▶ Information supplied:
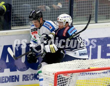 EBEL. Eishockey Bundesliga. EC VSV gegen HDD TELEMACH Olimpija Ljubljana. Brock McBride, (VSV), Kristof Reinthaler (Laibach). Villach, am 4.12.2015.
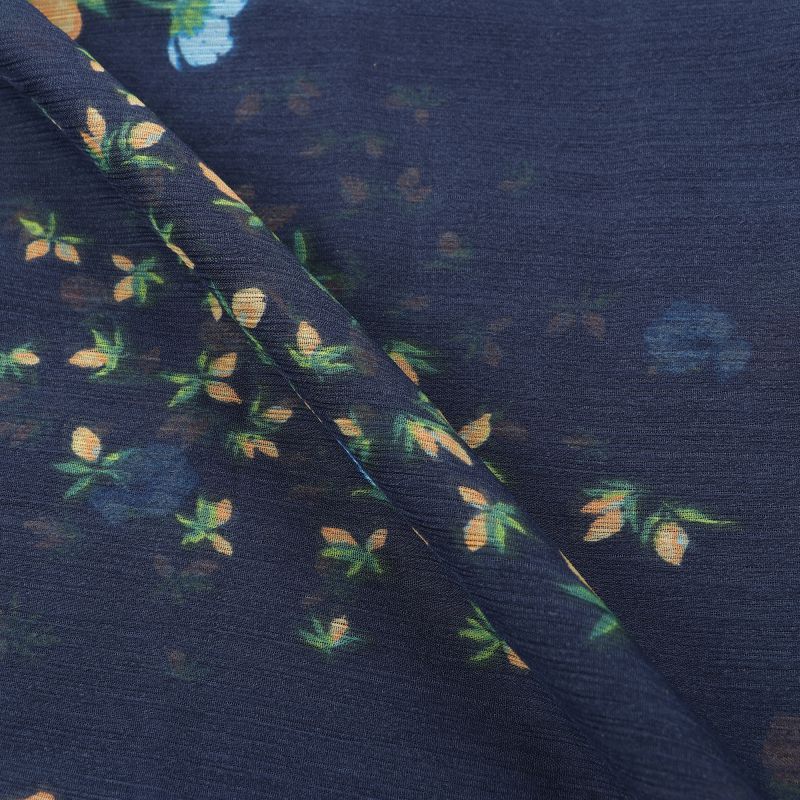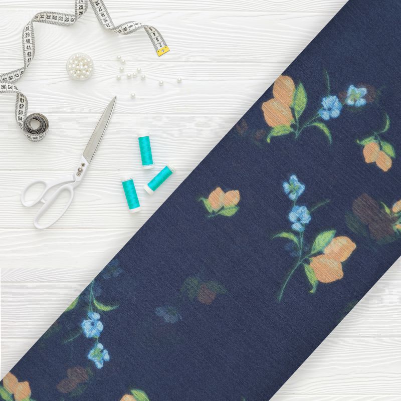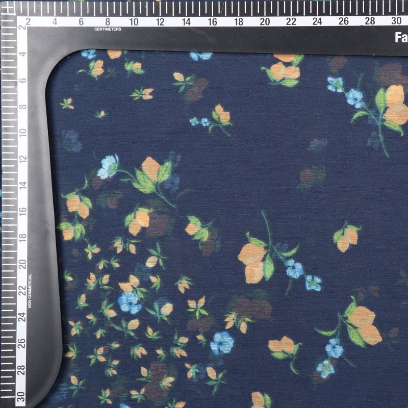 Navy Blue And Yellow Floral Pattern Screen Print Chiffon Fabric
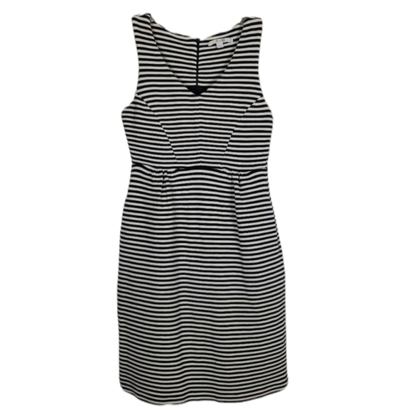 Boden Ponte Knit Dress Structured Pockets V Neck Cotton Blend Stripes Size 8 L

▶ What is required: From the first line to the last, copy the listing above exactly and leave out the images.

▶ Solution to this problem:
 EBEL. Eishockey Bundesliga. EC VSV gegen HDD TELEMACH Olimpija Ljubljana. Brock McBride, (VSV), Kristof Reinthaler (Laibach). Villach, am 4.12.2015.
 Navy Blue And Yellow Floral Pattern Screen Print Chiffon Fabric
 Boden Ponte Knit Dress Structured Pockets V Neck Cotton Blend Stripes Size 8 L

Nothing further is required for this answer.